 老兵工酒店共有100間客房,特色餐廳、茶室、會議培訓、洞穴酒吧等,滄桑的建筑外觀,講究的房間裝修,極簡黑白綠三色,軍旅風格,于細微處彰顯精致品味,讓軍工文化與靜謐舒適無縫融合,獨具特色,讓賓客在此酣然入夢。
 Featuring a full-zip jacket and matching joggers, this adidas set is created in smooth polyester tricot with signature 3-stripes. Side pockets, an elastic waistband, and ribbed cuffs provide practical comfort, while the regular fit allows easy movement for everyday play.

...

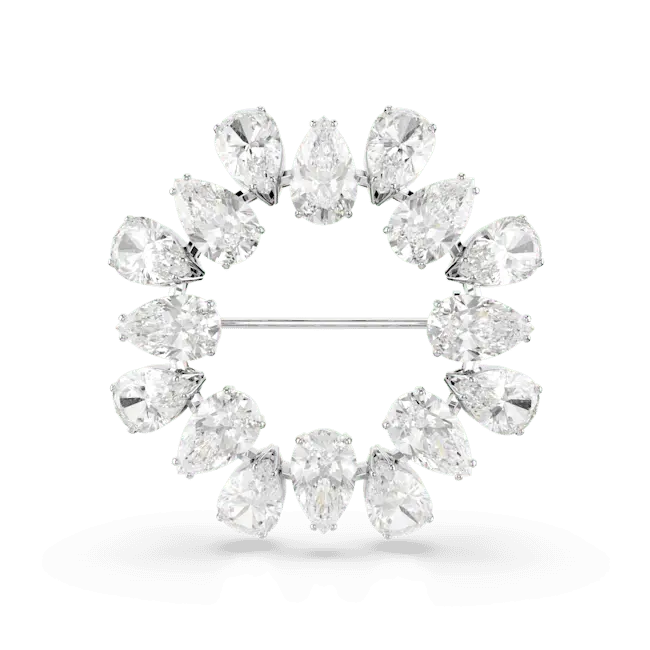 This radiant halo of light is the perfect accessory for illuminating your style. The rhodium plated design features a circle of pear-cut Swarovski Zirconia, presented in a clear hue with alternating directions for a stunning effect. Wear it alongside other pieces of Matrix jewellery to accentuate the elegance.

* * *

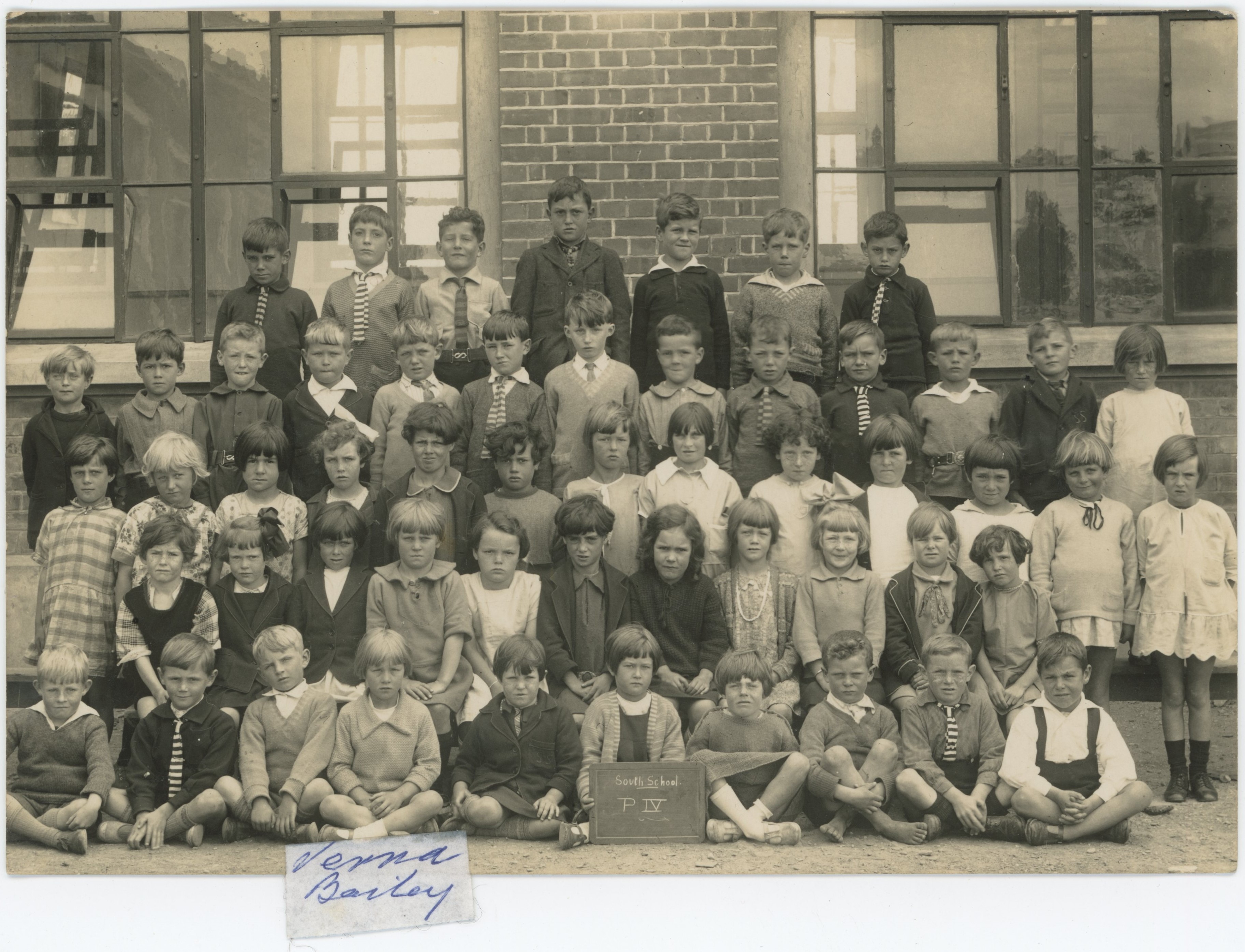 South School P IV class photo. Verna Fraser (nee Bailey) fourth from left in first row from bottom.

» PROBLEM REQUIREMENTS
Output the material above exactly, but only from the line that carries "老兵工酒店共有100間客房,特色餐廳、茶" through the line that carries "Featuring a full-zip".

» OUTPUT FOR THIS TASK
 老兵工酒店共有100間客房,特色餐廳、茶室、會議培訓、洞穴酒吧等,滄桑的建筑外觀,講究的房間裝修,極簡黑白綠三色,軍旅風格,于細微處彰顯精致品味,讓軍工文化與靜謐舒適無縫融合,獨具特色,讓賓客在此酣然入夢。
 Featuring a full-zip jacket and matching joggers, this adidas set is created in smooth polyester tricot with signature 3-stripes. Side pockets, an elastic waistband, and ribbed cuffs provide practical comfort, while the regular fit allows easy movement for everyday play.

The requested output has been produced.